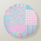 A pretty Round Pillow or Cushion, with a faux patchwork pattern of Lipstick Pink Roses and tiny White Butterflies on a Turquoise Blue background, teamed with matching Polka Dots, Check Ginghams and Stripes. Part of the Posh & Painterly 'Summer Days' collection, this pattern can easily be adjusted to fit any Pillow or Cushion.
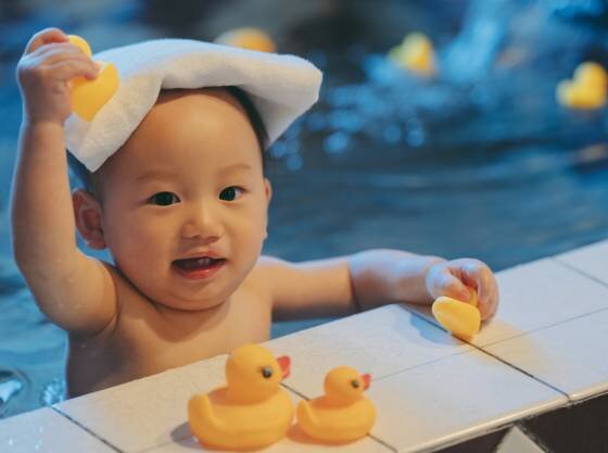 音楽の流れる貸切風呂には、バスチェアやベビーソープ、おもちゃなどご用意しております。
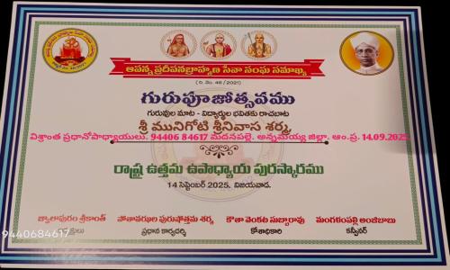 నమిత న్యూస్ - Andhra Pradesh / Annamayya : ఆంధ్ర ప్రదేశ్ రాష్ట్ర స్థాయి బ్రాహ్మణ ఉత్తమ ఉపాధ్యాయులకు పురస్కార ప్రధానోత్సవం - మదనపల్లి విశ్రాంత హెచ్ ఎం మునిగోటి శ్రీనివాస శర్మ కు ఘనంగా సన్మానం ఆపన్న ప్రదీపన బ్రాహ్మణ సేవా సంఘ సమాఖ్య ఆంధ్ర ప్రదేశ్ రాష్ట్ర శాఖ, విజయవాడ వారి ఆధ్వర్యంలో ఆంధ్ర ప్రదేశ్ రాష్ట్ర స్థాయి బ్రాహ్మణ ఉత్తమ ఉపాధ్యాయ పురస్కారాలు 2025 ప్రధానోత్సవ కార్యక్రమం నిర్వహించారు. ఆం.ప్ర దేవాదాయ ధర్మాదాయ శాఖ మాజీ ప్రభుత్వ సలహాదారు, రాష్ట్ర అధ్యక్షుడు జ్వాలాపురం శ్రీకాంత్ ఆధ్వర్యంలో గుంటూరు బ్రాడీ పేట లోని బ్రాహ్మణ సేవా సమితి భవనము నందు ఘనంగా జరిగింది. బ్రాహ్మణ ఉపాధ్యాయు లందరినీ ఒక వేదికపైకి చేర్చి, వారిని సత్కరించ డానికి ఈ కార్యక్రమాన్ని ఏర్పాటు చేశారు. తొలి ప్రయత్నంగా ఆంధ్ర ప్రదేశ్ నుండి రాష్ట్ర బ్రాహ్మణ ఉత్తమ ఉపాధ్యాయ అవార్డులను అంద చేయాలనే సంకల్పంతో ఈ ఏడాది సత్కరించడం జరిగిందని జ్వాలాపురం శ్రీకాంత్ తెలిపారు. ఈ పురస్కారోత్సవ కార్యక్రమం పోతావఝుల పురుషోత్తమ శర్మ , ప్రధాన కార్యదర్శి నేతృత్వంలో జరగ్గా, ఆచార్య నాగార్జున విశ్వ విద్యాలయం సంగీత విభాగం అధ్యాపకు రాలు డాక్టర్ మంజుల చింతల పాటి, ముఖ్య అథితులు గా ఆచార్య జీ.ఎస్.ఆర్. కృష్ణమూర్తి, ఉప కులపతి, అధ్యాపకులు డాక్టర్ ఎస్.టీ.విష్ణువర్ధన్, జాతీయ సంస్కృత విశ్వవిద్యాలయము, తిరుపతి, ఓరుగంటి నవీన్, ఈచంపాటి కృష్ణమాచారి, ఇక్కుర్తి వెంకట్ లు, ఆత్మీయ అథితులుగా కౌతా సుబ్బారావు, బందా రవి, నందిరాజు పాండురంగా రావు, తుళ్ళూరు ప్రకాష్ లు, గౌరవ అథితులుగా మంగళంపల్లి అంజిబాబు, కలిసపాటి లక్ష్మీ నారా యణ, మామిళ్ళపల్లి అయ్యప్ప లు పాల్గొని సన్మాన గ్రహీతలకు ఉత్తమ ఉపాధ్యాయ పురస్కారాలను బహూకరించారు. ఈ కార్యక్రమంలో మదనపల్లె విశ్రాంత ప్రధానోపా ధ్యాయులు మునిగోటి శ్రీనివాస శర్మ కు ఉత్తమ ఉపాధ్యాయ పురస్కారాన్ని అన్నమయ్య జిల్లా నుండి ఏకైక వ్యక్తిగా అందు కున్నారు. ఈ సంధర్భంగా మాట్లాడుతూ గురువు విలువను తెలియచేస్తు అజ్ఞానాంధ కారాన్ని పారద్రోలి విజ్ఞాన జ్యోతిని వెలిగించి సన్మార్గాన్ని చూపిన గురువులు మహోన్నతు లని, అటువంటి గురువులను స్మరించుకొని, పూజించు కోవడమే గురుశిష్య సంబందానికి ప్రతీకని మునిగోటి శ్రీనివాస శర్మ పేర్కొన్నారు.
= = =
> WORK ORDER
Repeat the lines of the listing above verbatim, beginning at its first line and ending at the line containing "音楽の流れる貸切風呂には、バ", which is included. Omit pictures.

> ANSWER SPACE
 A pretty Round Pillow or Cushion, with a faux patchwork pattern of Lipstick Pink Roses and tiny White Butterflies on a Turquoise Blue background, teamed with matching Polka Dots, Check Ginghams and Stripes. Part of the Posh & Painterly 'Summer Days' collection, this pattern can easily be adjusted to fit any Pillow or Cushion.
 音楽の流れる貸切風呂には、バスチェアやベビーソープ、おもちゃなどご用意しております。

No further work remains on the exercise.